> **Task goal**
I would like the lines below, from the one with "Začali jsme provádět" through the one with "Резьбофрезы для всех", copied exactly and without any pictures.

> **Given data**
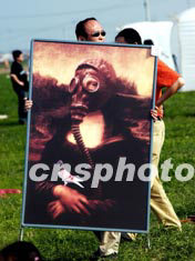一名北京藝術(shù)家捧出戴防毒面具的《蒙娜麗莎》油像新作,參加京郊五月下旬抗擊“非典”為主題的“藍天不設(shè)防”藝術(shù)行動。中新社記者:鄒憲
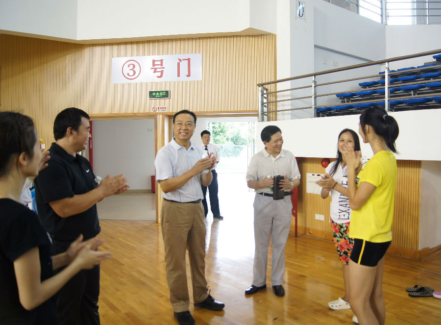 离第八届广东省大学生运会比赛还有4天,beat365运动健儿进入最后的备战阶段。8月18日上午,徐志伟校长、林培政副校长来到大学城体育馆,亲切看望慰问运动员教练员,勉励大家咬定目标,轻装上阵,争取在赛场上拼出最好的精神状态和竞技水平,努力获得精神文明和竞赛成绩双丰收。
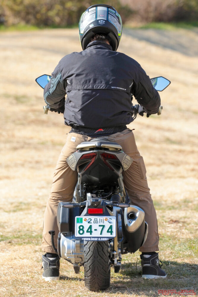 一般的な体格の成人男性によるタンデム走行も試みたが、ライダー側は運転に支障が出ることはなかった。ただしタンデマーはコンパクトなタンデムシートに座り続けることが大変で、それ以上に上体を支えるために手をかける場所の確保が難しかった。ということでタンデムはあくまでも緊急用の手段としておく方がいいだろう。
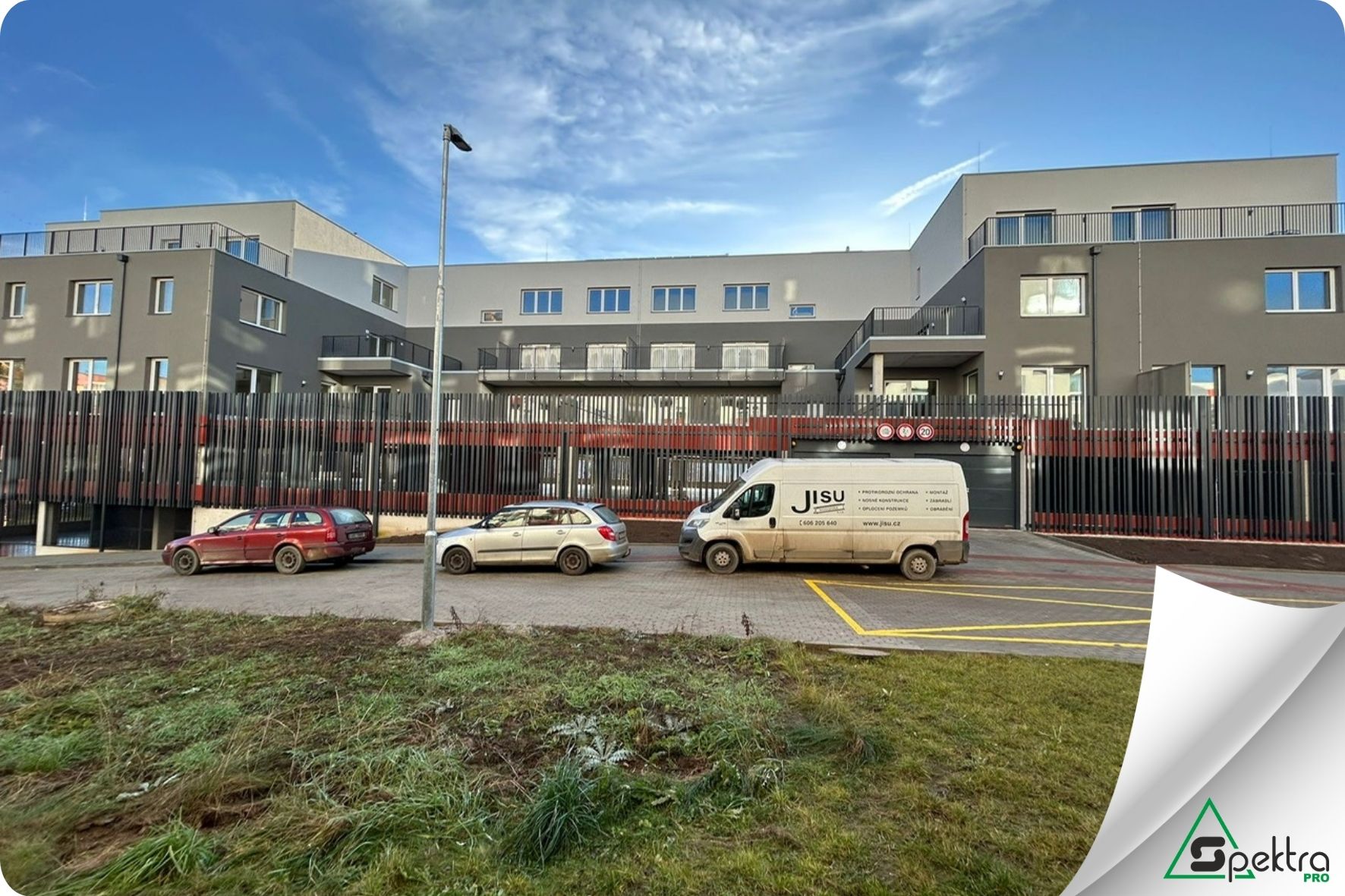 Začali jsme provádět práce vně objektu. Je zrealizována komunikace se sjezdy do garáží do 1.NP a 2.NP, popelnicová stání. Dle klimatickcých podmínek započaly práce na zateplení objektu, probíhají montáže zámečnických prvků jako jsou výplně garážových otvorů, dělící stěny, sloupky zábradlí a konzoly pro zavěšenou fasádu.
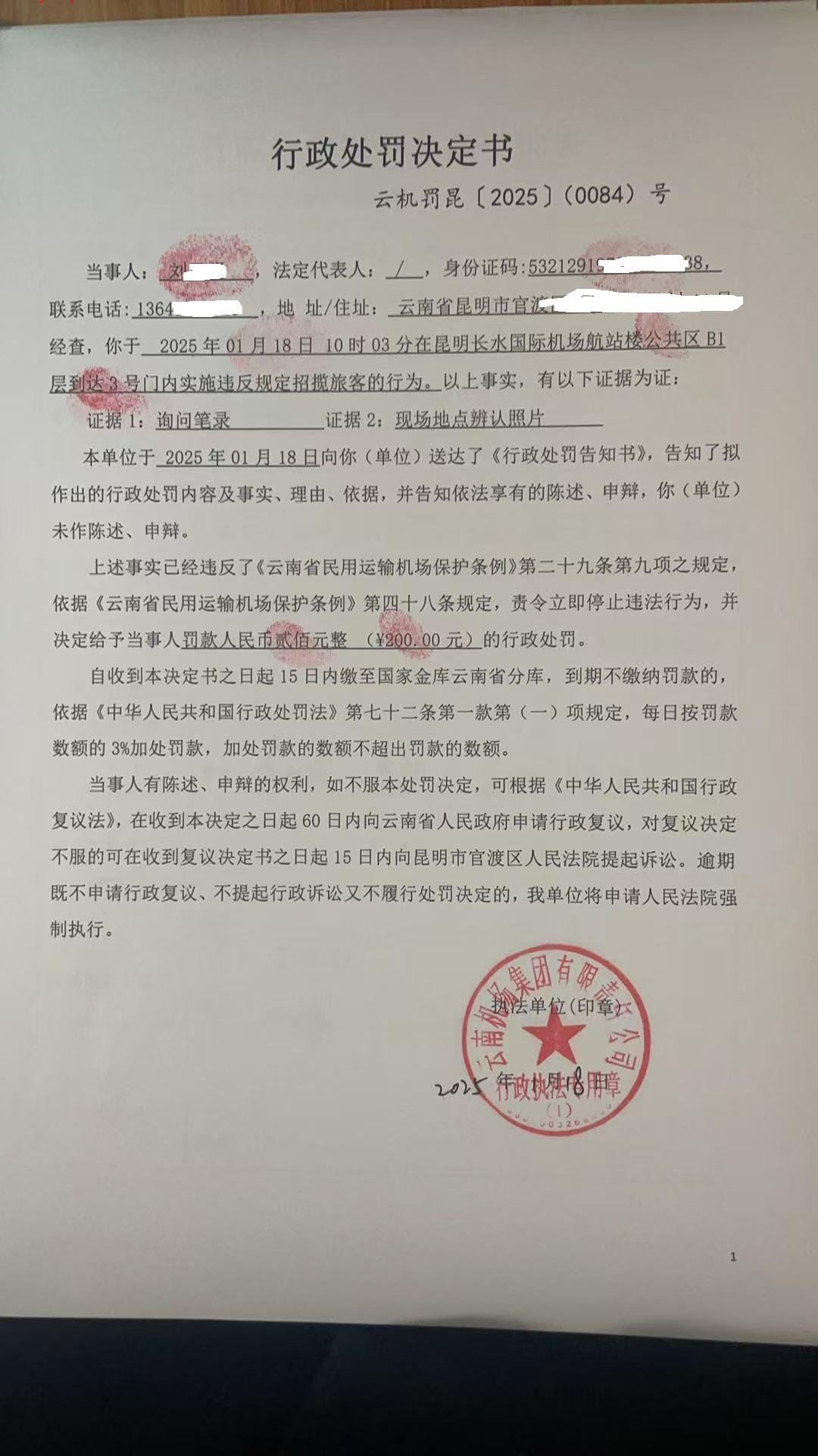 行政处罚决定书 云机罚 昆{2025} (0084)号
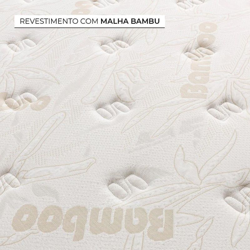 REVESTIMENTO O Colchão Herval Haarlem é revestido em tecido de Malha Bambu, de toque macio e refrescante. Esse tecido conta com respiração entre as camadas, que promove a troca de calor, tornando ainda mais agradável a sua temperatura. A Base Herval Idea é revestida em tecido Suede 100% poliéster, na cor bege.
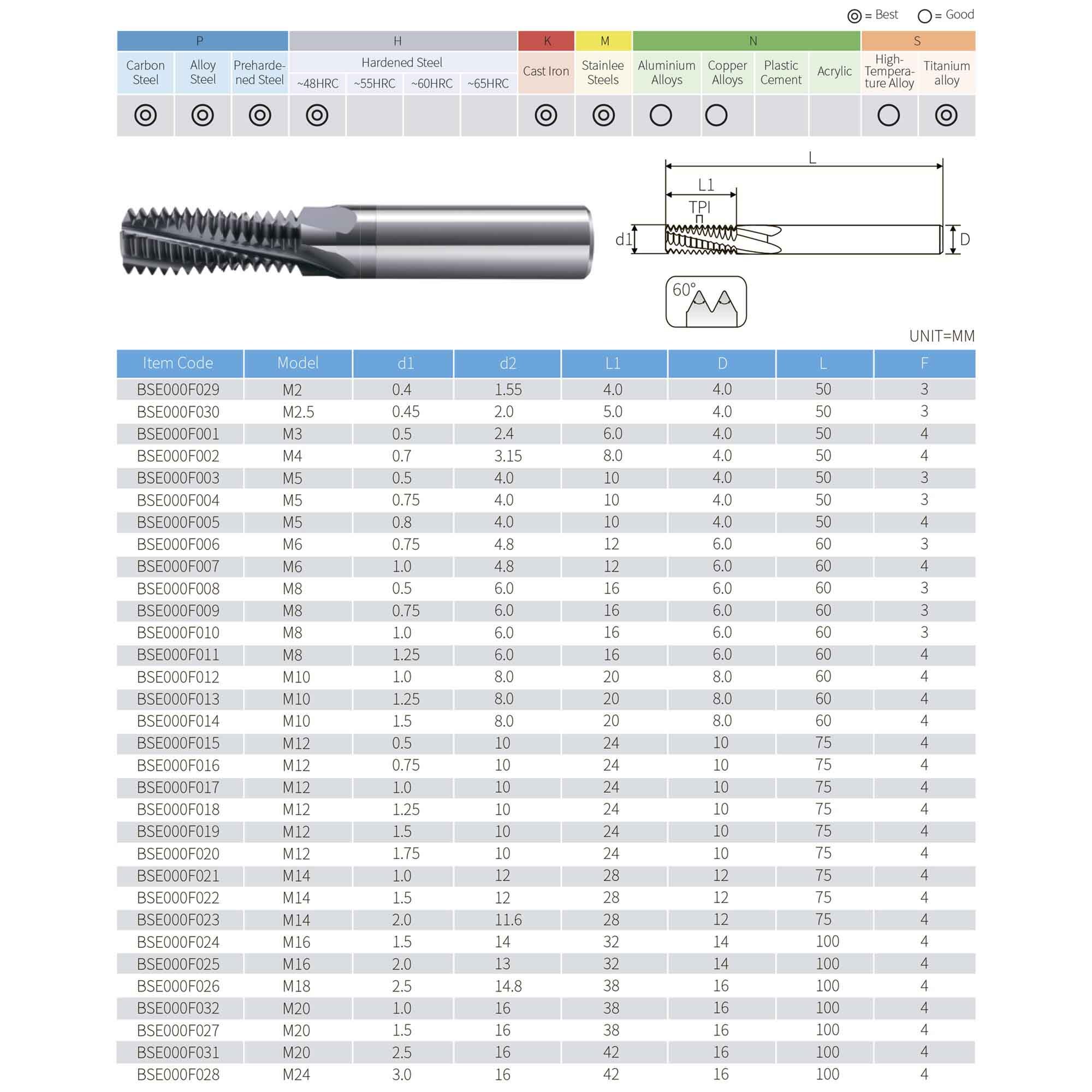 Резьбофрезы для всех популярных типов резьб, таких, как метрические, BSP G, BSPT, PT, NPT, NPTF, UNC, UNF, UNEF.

--

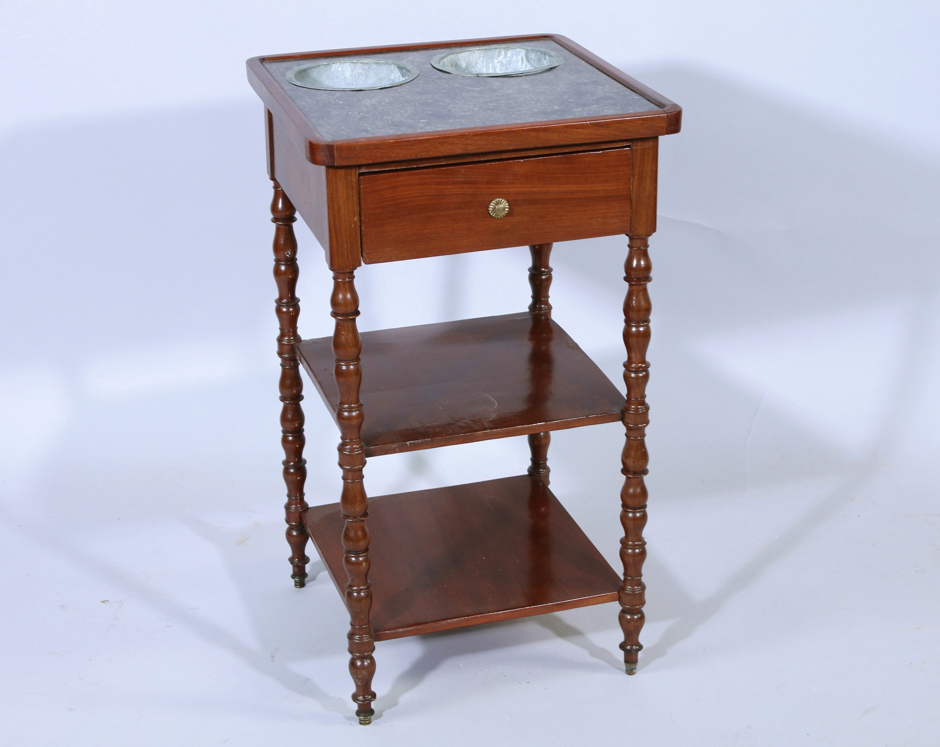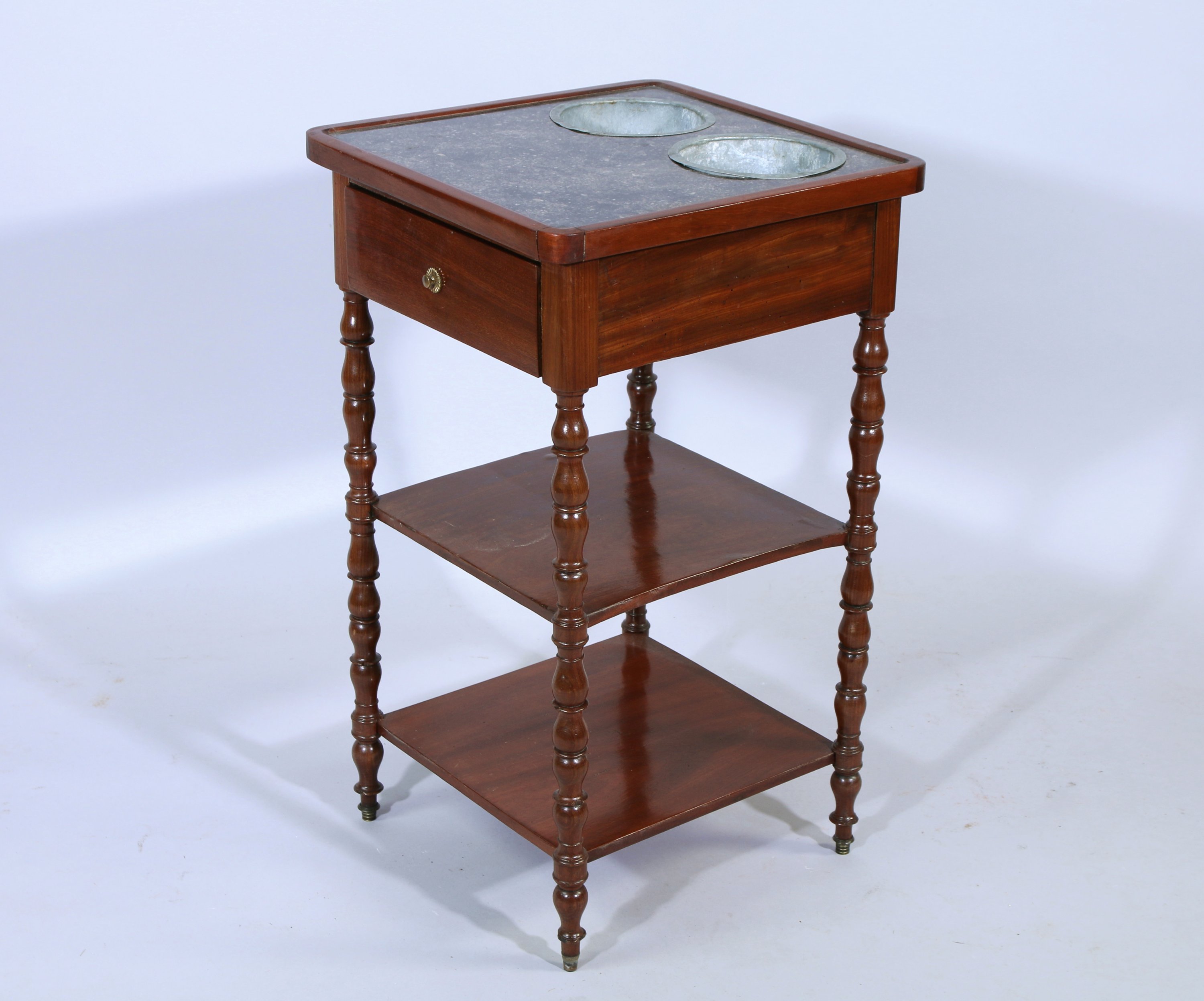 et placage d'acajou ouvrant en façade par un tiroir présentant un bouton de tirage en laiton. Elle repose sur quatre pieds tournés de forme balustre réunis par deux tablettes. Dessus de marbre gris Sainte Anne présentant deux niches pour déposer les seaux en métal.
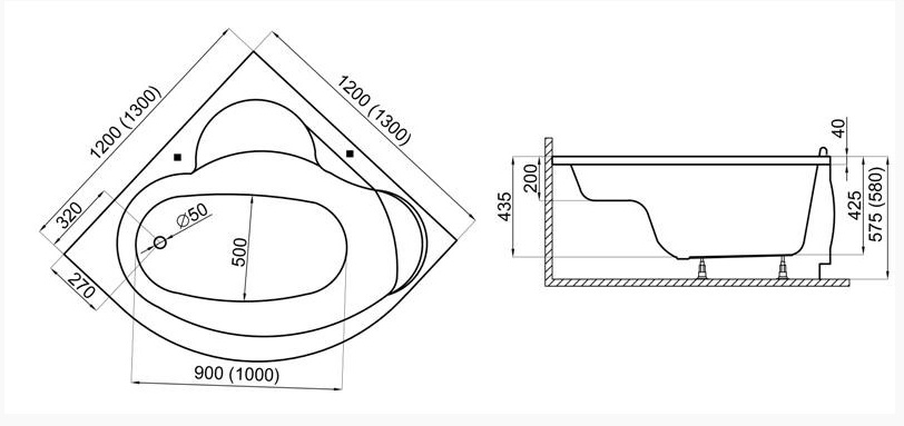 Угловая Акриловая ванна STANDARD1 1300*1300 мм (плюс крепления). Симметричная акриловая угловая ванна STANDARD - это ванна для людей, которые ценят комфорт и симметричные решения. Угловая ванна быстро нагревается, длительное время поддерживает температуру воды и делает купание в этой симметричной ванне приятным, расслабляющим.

> **The answer**
 Začali jsme provádět práce vně objektu. Je zrealizována komunikace se sjezdy do garáží do 1.NP a 2.NP, popelnicová stání. Dle klimatickcých podmínek započaly práce na zateplení objektu, probíhají montáže zámečnických prvků jako jsou výplně garážových otvorů, dělící stěny, sloupky zábradlí a konzoly pro zavěšenou fasádu.
 行政处罚决定书 云机罚 昆{2025} (0084)号
 REVESTIMENTO O Colchão Herval Haarlem é revestido em tecido de Malha Bambu, de toque macio e refrescante. Esse tecido conta com respiração entre as camadas, que promove a troca de calor, tornando ainda mais agradável a sua temperatura. A Base Herval Idea é revestida em tecido Suede 100% poliéster, na cor bege.
 Резьбофрезы для всех популярных типов резьб, таких, как метрические, BSP G, BSPT, PT, NPT, NPTF, UNC, UNF, UNEF.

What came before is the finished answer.